* **What is required**: Each line from the one containing "It was an event" to the end of the material below is to be restated exactly, with pictures skipped.

* **Raw data**:

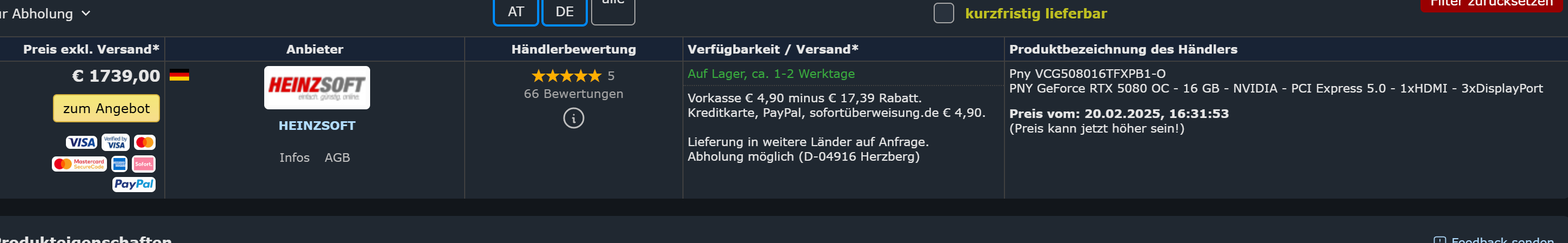 Folgt man den laut Geizhals im verfügbaren einzelnen Links, sind 2 beim Händler dann doch nicht mehr verfügbar (Link 1 für 1780€ und Link 2 für 1690€). Ein weiteres Geizhals Listing ist mittlerweile im Preis teurer, als noch bei Geizhals angegeben
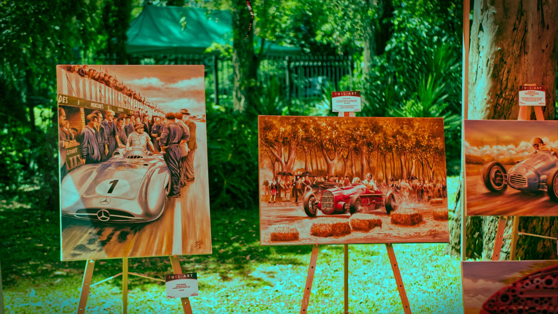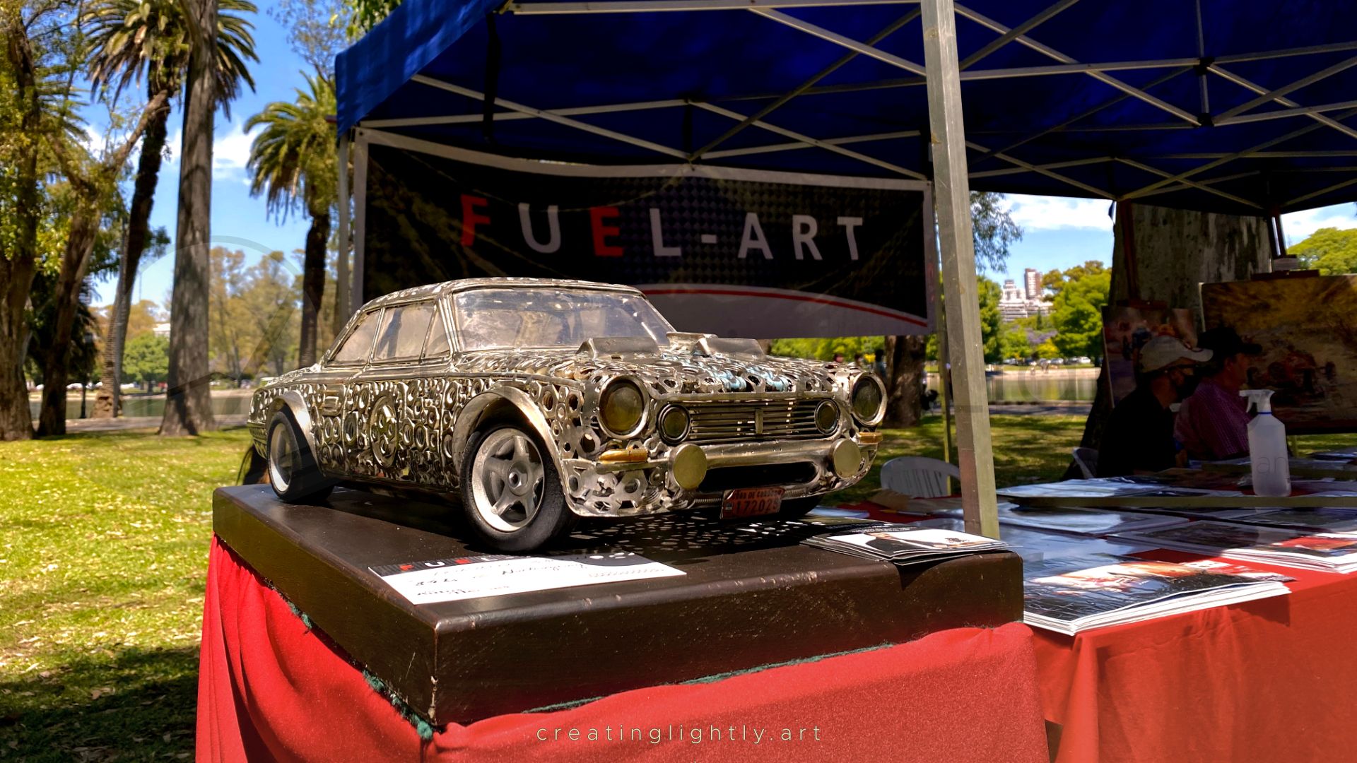 It was an event by the automotive art collective FUEL-ART based in Argentina, and it was done in a place called “Paseo Fangio” in Buenos Aires. It included a ton of art in his honour, as well as some cars related to him as well, like one of the IKA Torino’s that raced the “84 Hours of Nürburgring” in 1969.
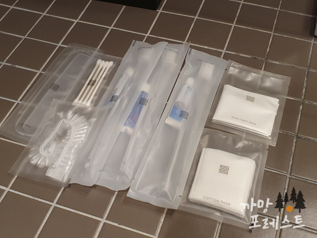 비누, 칫솔, 치약, 빗, 샤워캡, 화장솜, 면봉 등
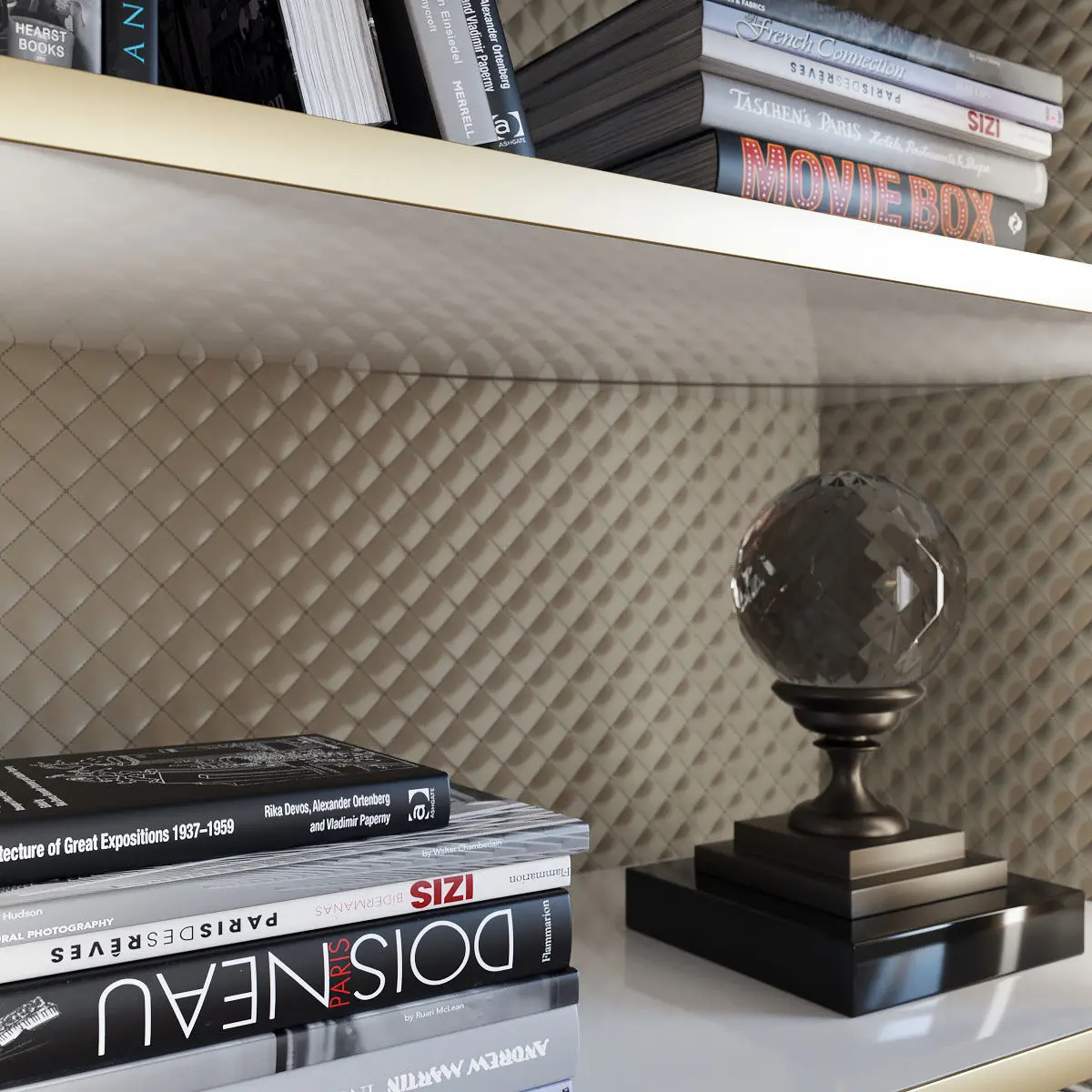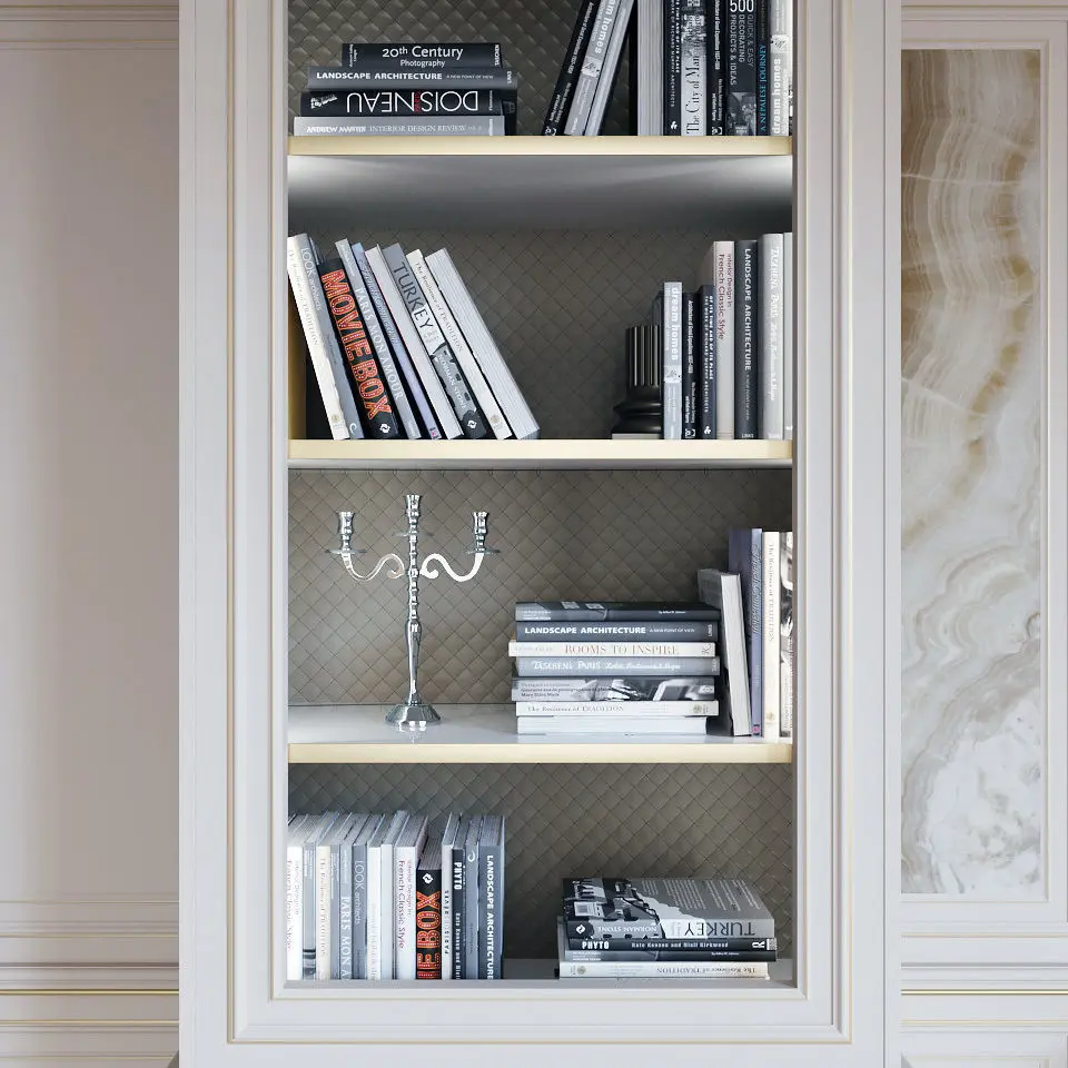 - Modular Longhi Heritage boiserie system in neoclassical style, consisting of illuminated shelves, wall modules, molding, cornice, and plinth.

* **Exercise response**:
 It was an event by the automotive art collective FUEL-ART based in Argentina, and it was done in a place called “Paseo Fangio” in Buenos Aires. It included a ton of art in his honour, as well as some cars related to him as well, like one of the IKA Torino’s that raced the “84 Hours of Nürburgring” in 1969.
 비누, 칫솔, 치약, 빗, 샤워캡, 화장솜, 면봉 등
 - Modular Longhi Heritage boiserie system in neoclassical style, consisting of illuminated shelves, wall modules, molding, cornice, and plinth.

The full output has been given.